In a recent blog Acephalous of the University of California, Irvine wrote of his discovery of a couple having sex in his office. They abused him and threatened him with an harassment charge when he asked them to leave as he had a student coming to see him. Since then he has been in a Kafkaesque world with the university administration. Who is the culprit and who is the victim? We won't know since the university has made it a non-discloure matter.
Kafka is stalking the halls of the University of Westminster also. I wrote back in August that the university was evaluating professors in order to create a new pay system. Hay Management Consultants who are carrying out the exercise told me that they would be done by the end of August. I strongly suspect that would have been so if the university had been able to pull its act together. But here we are in mid-December and the university hasn't yet delivered all the necessary papers to Hay. And we don't know when the process will be completed...if at all...
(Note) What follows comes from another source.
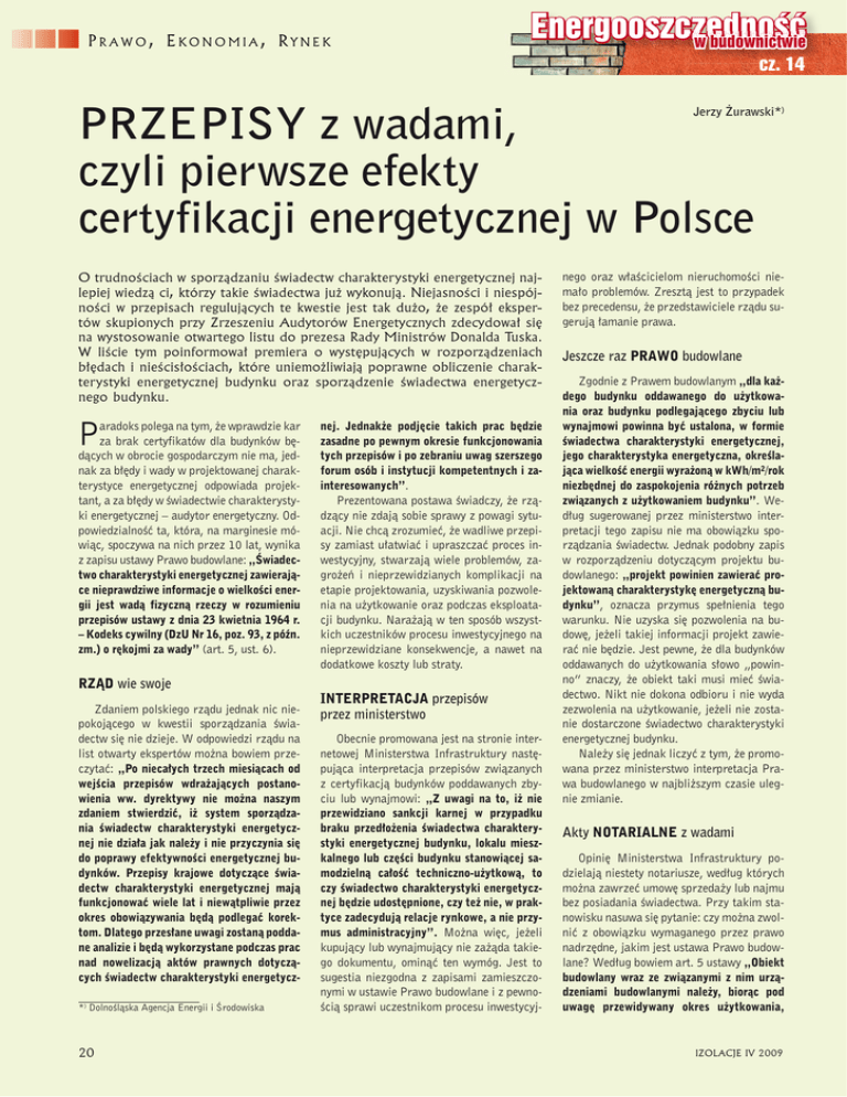 PRAWO, EKONOMIA, RYNEK Energooszczędność w budownictwie cz. 14 Jerzy Żurawski*) PRZEPISY z wadami, czyli pierwsze efekty certyfikacji energetycznej w Polsce O trudnościach w sporządzaniu świadectw charakterystyki energetycznej najlepiej wiedzą ci, którzy takie świadectwa już wykonują. Niejasności i niespójności w przepisach regulujących te kwestie jest tak dużo, że zespół ekspertów skupionych przy Zrzeszeniu Audytorów Energetycznych zdecydował się na wystosowanie otwartego listu do prezesa Rady Ministrów Donalda Tuska. W liście tym poinformował premiera o występujących w rozporządzeniach błędach i nieścisłościach, które uniemożliwiają poprawne obliczenie charakterystyki energetycznej budynku oraz sporządzenie świadectwa energetycznego budynku. P aradoks polega na tym, że wprawdzie kar za brak certyfikatów dla budynków będących w obrocie gospodarczym nie ma, jednak za błędy i wady w projektowanej charakterystyce energetycznej odpowiada projektant, a za błędy w świadectwie charakterystyki energetycznej – audytor energetyczny. Odpowiedzialność ta, która, na marginesie mówiąc, spoczywa na nich przez 10 lat, wynika z zapisu ustawy Prawo budowlane: „Świadectwo charakterystyki energetycznej zawierające nieprawdziwe informacje o wielkości energii jest wadą fizyczną rzeczy w rozumieniu przepisów ustawy z dnia 23 kwietnia 1964 r. – Kodeks cywilny (DzU Nr 16, poz. 93, z późn. zm.) o rękojmi za wady” (art. 5, ust. 6). nej. Jednakże podjęcie takich prac będzie zasadne po pewnym okresie funkcjonowania tych przepisów i po zebraniu uwag szerszego forum osób i instytucji kompetentnych i zainteresowanych”. Prezentowana postawa świadczy, że rządzący nie zdają sobie sprawy z powagi sytuacji. Nie chcą zrozumieć, że wadliwe przepisy zamiast ułatwiać i upraszczać proces inwestycyjny, stwarzają wiele problemów, zagrożeń i nieprzewidzianych komplikacji na etapie projektowania, uzyskiwania pozwolenia na użytkowanie oraz podczas eksploatacji budynku. Narażają w ten sposób wszystkich uczestników procesu inwestycyjnego na nieprzewidziane konsekwencje, a nawet na dodatkowe koszty lub straty. RZĄD wie swoje Zdaniem polskiego rządu jednak nic niepokojącego w kwestii sporządzania świadectw się nie dzieje. W odpowiedzi rządu na list otwarty ekspertów można bowiem przeczytać: „Po niecałych trzech miesiącach od wejścia przepisów wdrażających postanowienia ww. dyrektywy nie można naszym zdaniem stwierdzić, iż system sporządzania świadectw charakterystyki energetycznej nie działa jak należy i nie przyczynia się do poprawy efektywności energetycznej budynków. Przepisy krajowe dotyczące świadectw charakterystyki energetycznej mają funkcjonować wiele lat i niewątpliwie przez okres obowiązywania będą podlegać korektom. Dlatego przesłane uwagi zostaną poddane analizie i będą wykorzystane podczas prac nad nowelizacją aktów prawnych dotyczących świadectw charakterystyki energetycz*) Dolnośląska Agencja Energii i Środowiska 20 INTERPRETACJA przepisów przez ministerstwo Obecnie promowana jest na stronie internetowej Ministerstwa Infrastruktury następująca interpretacja przepisów związanych z certyfikacją budynków poddawanych zbyciu lub wynajmowi: „Z uwagi na to, iż nie przewidziano sankcji karnej w przypadku braku przedłożenia świadectwa charakterystyki energetycznej budynku, lokalu mieszkalnego lub części budynku stanowiącej samodzielną całość techniczno-użytkową, to czy świadectwo charakterystyki energetycznej będzie udostępnione, czy też nie, w praktyce zadecydują relacje rynkowe, a nie przymus administracyjny”. Można więc, jeżeli kupujący lub wynajmujący nie zażąda takiego dokumentu, ominąć ten wymóg. Jest to sugestia niezgodna z zapisami zamieszczonymi w ustawie Prawo budowlane i z pewnością sprawi uczestnikom procesu inwestycyj- nego oraz właścicielom nieruchomości niemało problemów. Zresztą jest to przypadek bez precedensu, że przedstawiciele rządu sugerują łamanie prawa. Jeszcze raz PRAWO budowlane Zgodnie z Prawem budowlanym „dla każdego budynku oddawanego do użytkowania oraz budynku podlegającego zbyciu lub wynajmowi powinna być ustalona, w formie świadectwa charakterystyki energetycznej, jego charakterystyka energetyczna, określająca wielkość energii wyrażoną w kWh/m2/rok niezbędnej do zaspokojenia różnych potrzeb związanych z użytkowaniem budynku”. Według sugerowanej przez ministerstwo interpretacji tego zapisu nie ma obowiązku sporządzania świadectw. Jednak podobny zapis w rozporządzeniu dotyczącym projektu budowlanego: „projekt powinien zawierać projektowaną charakterystykę energetyczną budynku”, oznacza przymus spełnienia tego warunku. Nie uzyska się pozwolenia na budowę, jeżeli takiej informacji projekt zawierać nie będzie. Jest pewne, że dla budynków oddawanych do użytkowania słowo „powinno” znaczy, że obiekt taki musi mieć świadectwo. Nikt nie dokona odbioru i nie wyda zezwolenia na użytkowanie, jeżeli nie zostanie dostarczone świadectwo charakterystyki energetycznej budynku. Należy się jednak liczyć z tym, że promowana przez ministerstwo interpretacja Prawa budowlanego w najbliższym czasie ulegnie zmianie. Akty NOTARIALNE z wadami Opinię Ministerstwa Infrastruktury podzielają niestety notariusze, według których można zawrzeć umowę sprzedaży lub najmu bez posiadania świadectwa. Przy takim stanowisku nasuwa się pytanie: czy można zwolnić z obowiązku wymaganego przez prawo nadrzędne, jakim jest ustawa Prawo budowlane? Według bowiem art. 5 ustawy „Obiekt budowlany wraz ze związanymi z nim urządzeniami budowlanymi należy, biorąc pod uwagę przewidywany okres użytkowania, IZOLACJE IV 2009 PRAWO, EKONOMIA, RYNEK projektować i budować w sposób określony w przepisach, w tym techniczno-budowlanych, oraz zgodnie z zasadami wiedzy technicznej, zapew
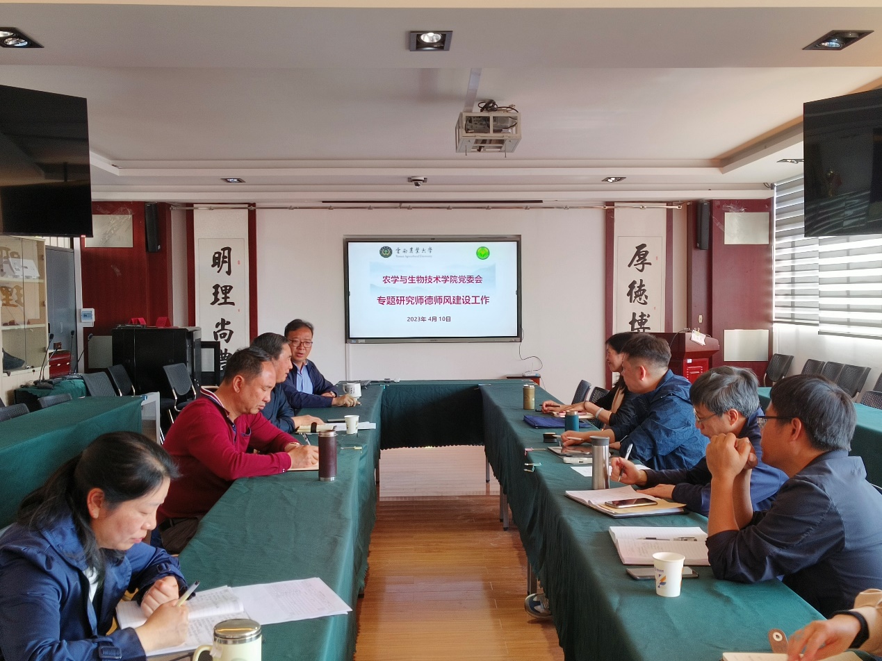为深入推进学院师德师风建设,结合推进“清廉学校”建设,加深教师的职业道德观念,严明政治纪律和工作作风,引领教师争做“有理想信念、有道德情操、有扎实知识、有仁爱之心”的“四有”好教师,推动学院师德师风建设工作取得实效。2023年4月10日上午,农学院党委召开了关于师德师风建设工作的专题研究会,党委书记李富生、院长李建宾、组织员寸湘琴、委副书记安瞳昕党、副院长周平、副院长文建成,和工会主席龙华参加了会议。会议由李富生书记主持并研讨并形成了学院师德师风建设工作方案框架,将由院工会和党政办合力制定具可行性的实施方案。

My colleagues and I always had our suspicions that the administration of the university wouldn't handle this process to the best of its abilities. Interestingly, a survey on attitudes towards the university administration carried out in 2003 found that senior faculty were the most mistrustful. And that the personnel/"human resources" department, which is handling the job evaluation process, was found wanting. (Quite what a human resource is I'm unable to fathom. Even the Society for Human Resource Management didn't elucidate.) During early summer we met with the head of personnel and the vice-chancellor to express our concerns, namely what did it all mean, and above all ask for transparency in the process. It was assured. Five months on we await the results of the exercise.
When during September it was clear that the pace was neck and neck with the annual snail and slug race, we asked for regular updates from the personnel department. Oh well, one tries. If you have seen the movie, the Shawshank Redemption, you will appreciate this next bit. The hero becomes prison libarian and asks the state legislature for money to finance book purchases. Nothing happens so he writes each week to them asking for money. The state relents eventually and provides books. His buddy asks him if he'll now stop writing. No, he says, he will now write twice a week asking for more. Our request for regular updates was met with a similar blankness and I began to write to the personnel head each week asking for information. It always takes two emails to get him to respond, which is indicative of translucency rather than transparency. It seems there are a few job evaluations outstanding and rather than tell us the results of ours we have to wait.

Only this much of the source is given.